As one might expect, given the aforementioned issues, comprehensive urban high schools have proved notably ineffective. Our longstanding national embarrassment, the achievement gap, seems to say it all: By high school graduation, typical urban students are 4 years behind their suburban counterparts (Haycock, 1998; Toch, 2003).


As the name implies, the defining characteristic of a small school is its size, generally ranging between 300 and 450 students in four grades. Size, however, is but a means to more important ends. In contrast to centralized and standardized change strategies, small-school reform draws on the affective and relational dimensions to teaching and learning to promote more supportive interactions among students, teachers, and administrators—assuming that doing so will enhance student achievement.

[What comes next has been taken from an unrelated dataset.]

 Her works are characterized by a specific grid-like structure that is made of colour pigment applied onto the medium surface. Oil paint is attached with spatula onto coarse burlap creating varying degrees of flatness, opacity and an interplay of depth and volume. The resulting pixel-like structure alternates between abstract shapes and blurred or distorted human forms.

One common means by which small schools aim to enhance relationships is by personalizing students’ education, ensuring that faculty know students well and can draw on this knowledge to help them academically (Ayers et al., 2000; Lambert, Lowry, Copland, Gallucci, & Wallach, n.d.; Legters, Balfanz, Jordan, & McPartland, 2002). At a structural level, this often means that small schools maintain low student-teacher ratios and team teachers with a set group of students, creating even smaller learning communities within an already small structure. In some cases, teachers “loop” with the same students for more than a single year or semester (Levine, 2002; Mohr, 2000). Many small schools have advisory programs. Here, students can support, and be supported by, their peers while connecting with a faculty advocate who mentors them throughout their education.

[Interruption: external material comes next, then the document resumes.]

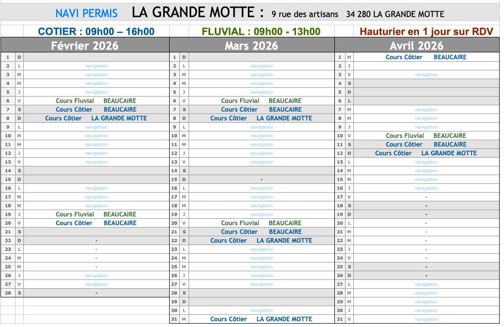 Navi Permis est un établissement spécialisé dans la formation aux permis bateaux qui propose des formations sérieuses et rapides aux permis côtier, fluvial et hauturier, adaptées aux besoins et aux disponibilités de chacun. Situé à deux minutes du port, à proximité du quartier du Couchant et des restaurants, il accueille ses candidats dans un cadre agréable et facilement accessible.

Most small schools also embrace a thematic or philosophical identity. For instance, small schools belonging to the Coalition of Essential Schools (CES) align their structure and practices with the CES common principles—creating an “atmosphere of trust and decency” and focusing the curriculum on “depth not breadth,” among other features (CES, 2006). “Career academies,” another form of small school, offer a curriculum that blends academic, career, and technical courses with opportunities for work-based learning with local employers (Kemple, 2001, p. 1). In addition, many small schools embrace an inclusive approach to school governance, allowing faculty to design professional development opportunities or chair school meetings (Copland, 2003) while integrating students into school governance (Darling-Hammond, 1996; Goodlad, Soder, & Sirotnik, 1990; Meier, 1998). Ideally, such a focus provides direction to a school’s work while attracting likeminded students, parents, and educators—thereby helping to create a community committed to a set of shared beliefs, values, and practices (Ayers et al., 2000; Littky, 2004).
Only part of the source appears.